Saturday, 21 May 2016

On 02:37 by admin   No comments
Facebook might have violated federal privacy laws by scanning users’ private messages.Users launched a class action against the IT giant.

Once again we are discussing privacy issues and IT giants, this time, the attention is on Facebook that has been sued for illegally scanning the private messages of its unaware users.

In Northern California, users have launched a class-action lawsuit over allegations that the giant of the social networks uses to scan its users’ private messages without their consent. Facebook is accused to have violated federal privacy laws by scanning the private messages. The situation is even more serious if we consider that the company uses the information to make profits and share it with commercial partners, including advertising firms.

The accusers, Matthew Campbell, and Michael Hurley claim the company is collecting data related the URLs included in the messages and it is organizing it in a searchable form, both actions in contrast with the rules included in the Electronic Communications Privacy Act and California Invasion of Privacy Act.

“The plaintiffs allege that Facebook routinely scans those URLs for advertising and other user-targeting data — and claim that by maintaining those records in a searchable form, Facebook is violating both the Electronic Communications Privacy Act and California Invasion of Privacy Act.

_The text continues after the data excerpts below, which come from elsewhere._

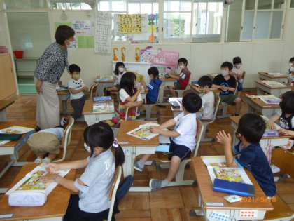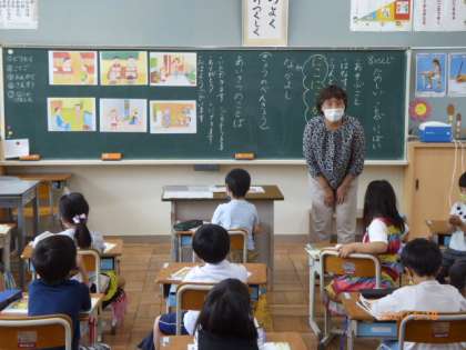 1年生はあいさつのことばについて勉強しています。あいさつだけでなく、物を手渡したりするときの「はい、どうぞ」「ありがとう」というやりとりも実際にやってみました。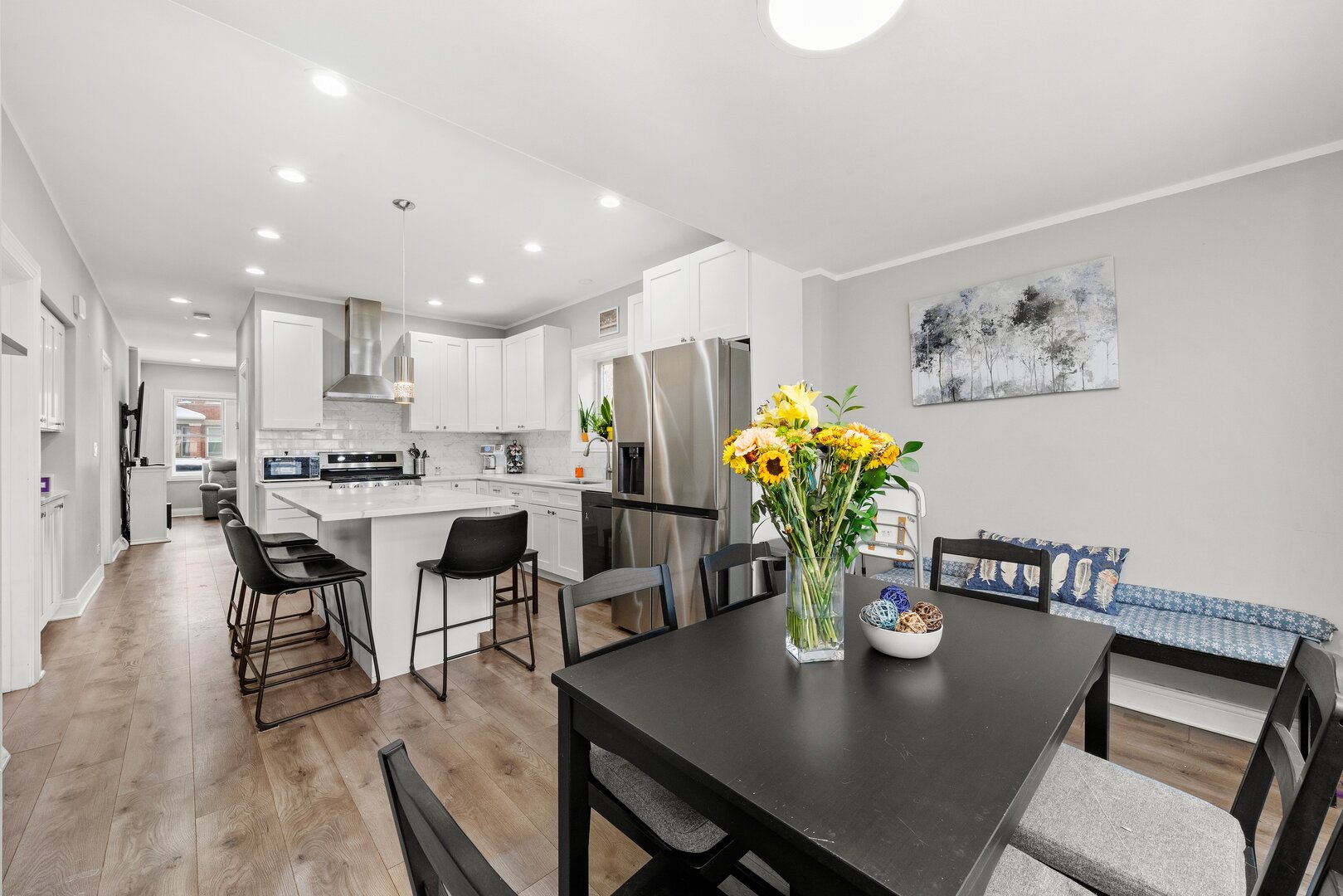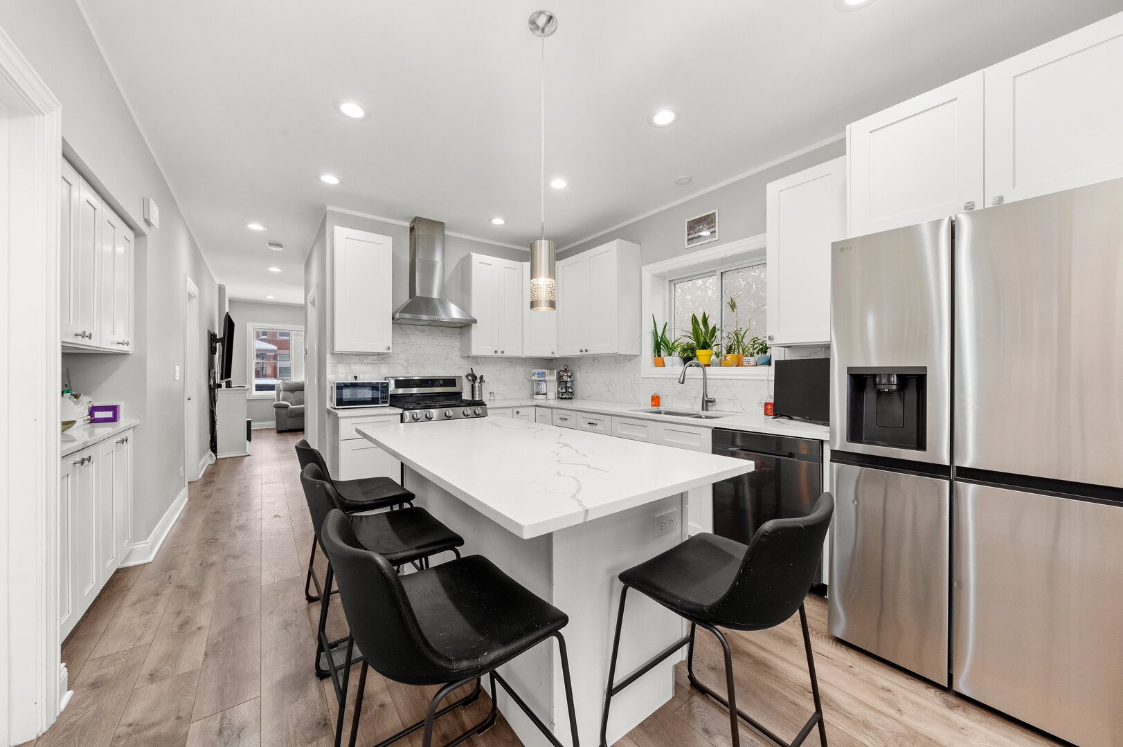 Welcome to this well-maintained and move-in ready 4-bedroom, 2-bathroom home offering a comfortable layout and thoughtful updates throughout. Step into a brand-new kitchen featuring modern quartz countertops, new cabinetry, and new appliances-a bright, fresh space perfect for everyday cooking. The separate dining area overlooks the backyard, allowing natural light to fill the room and creating a pleasant setting for meals and gatherings. The finished basement adds valuable additional living space-ideal for a family room, entertainment area, or a private retreat for guests. Notable improvements include a newer roof, newer windows, updated plumbing and electrical, new siding, and new fencing, providing both function and peace of mind. Outside, the home features an oversized yard with a concrete pad ready for outdoor dining, weekend cookouts, or setting up a cozy seating area. The 2-car garage and new vinyl fencing complete the exterior, offering both convenience and privacy. Located within walking distance to the Metra station, shopping, schools, and everyday amenities, this home offers easy living in a desirable location. A welcoming property with great space and modern comfort-schedule your showing today.
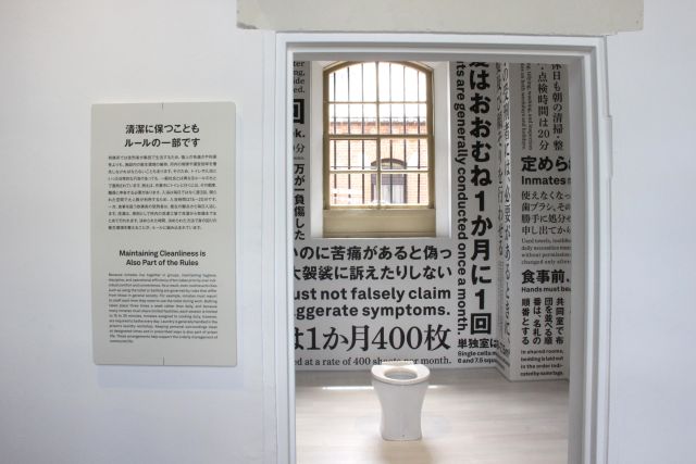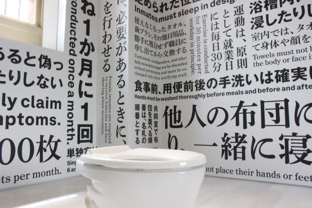 「衛生」をテーマにした展示では、受刑者は清潔を保つこともルールとされ、「トイレに行くには」「入浴時間は」など、刑務所の決まりをグラフィカルに表現。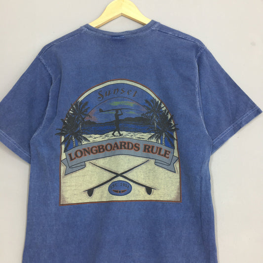 Longboards Rule Surf Blue Tshirt Medium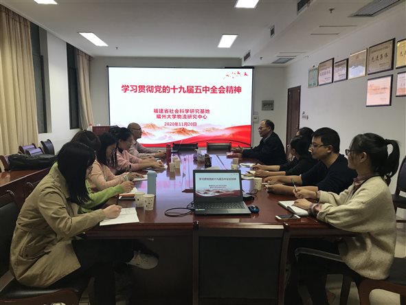 新闻中心讯/11月20日下午,福建省社会科学研究基地福州大学物流研究中心在福州大学旗山校区举办学习贯彻党的十九届五中全会精神研讨会。中心主任、首席专家王健教授主持会议,中心成员刘丹教授、赵永翔教授、阳成虎教授、刘碧玉副教授、梁红艳副教授、李梅芳副教授、张玲副教授,以及物流与供应链研究方向的4名博士研究生参加了研讨会。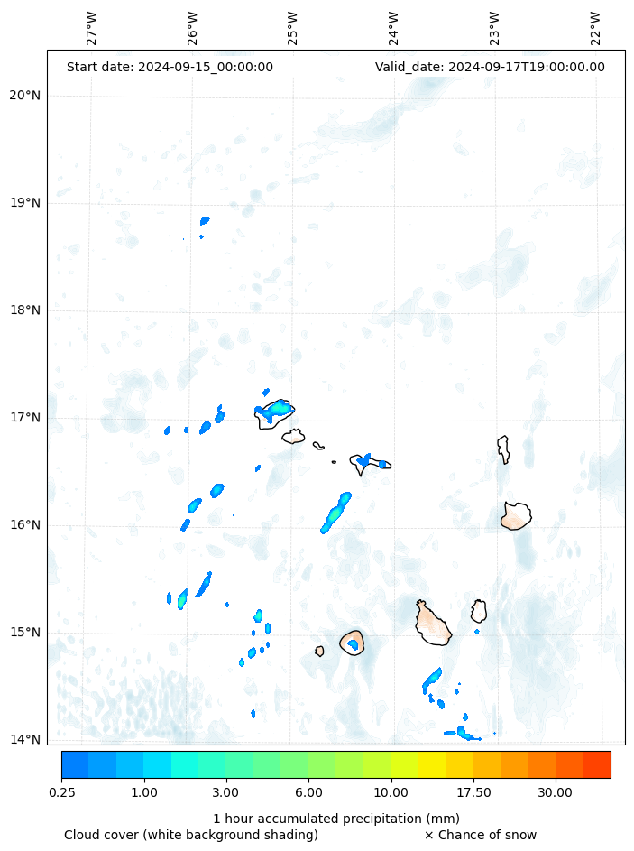 - Snow mixing ratio (g kg¯¹)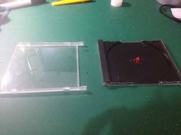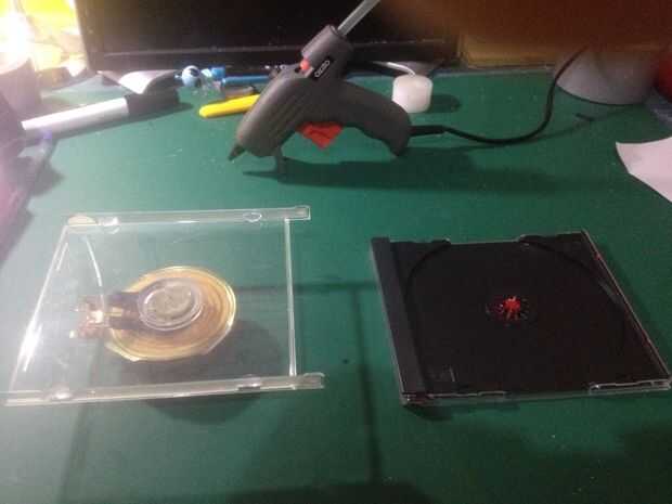 Después de aplicar una gota de pegamento caliente en el disco plástico grande del paso anterior, coloque la parte clara de la caja del CD en la parte superior, centrado como mejor puede y presione suavemente durante unos segundos, hasta que el pegamento se seque.

Facebook disputes that private messages are scanned in bulk, and maintains the URL data is anonymized and only used in aggregate form.” reports a blog post published by the Verge.

The answer is very simple, the company routinely scans private messages in order to prevent abuse, its engine search for malicious URLs or any link to child pornography and violent content. Anyway, Facebook is accused of using the data resulting from the scan for advertising and to target its offer.

The company defends itself against accusations, claiming that its systems scan users’ private messages in bulk, and keeps any extracted data in an anonymized way.

The plaintiffs sustain that Facebook is currently maintaining a database, dubbed Titan, it includes all the URL-related message alongside with metadata that could be used to track a specific user. Each record includes, for example, the date and time the message was sent, and the user IDs of both the sender and the recipient.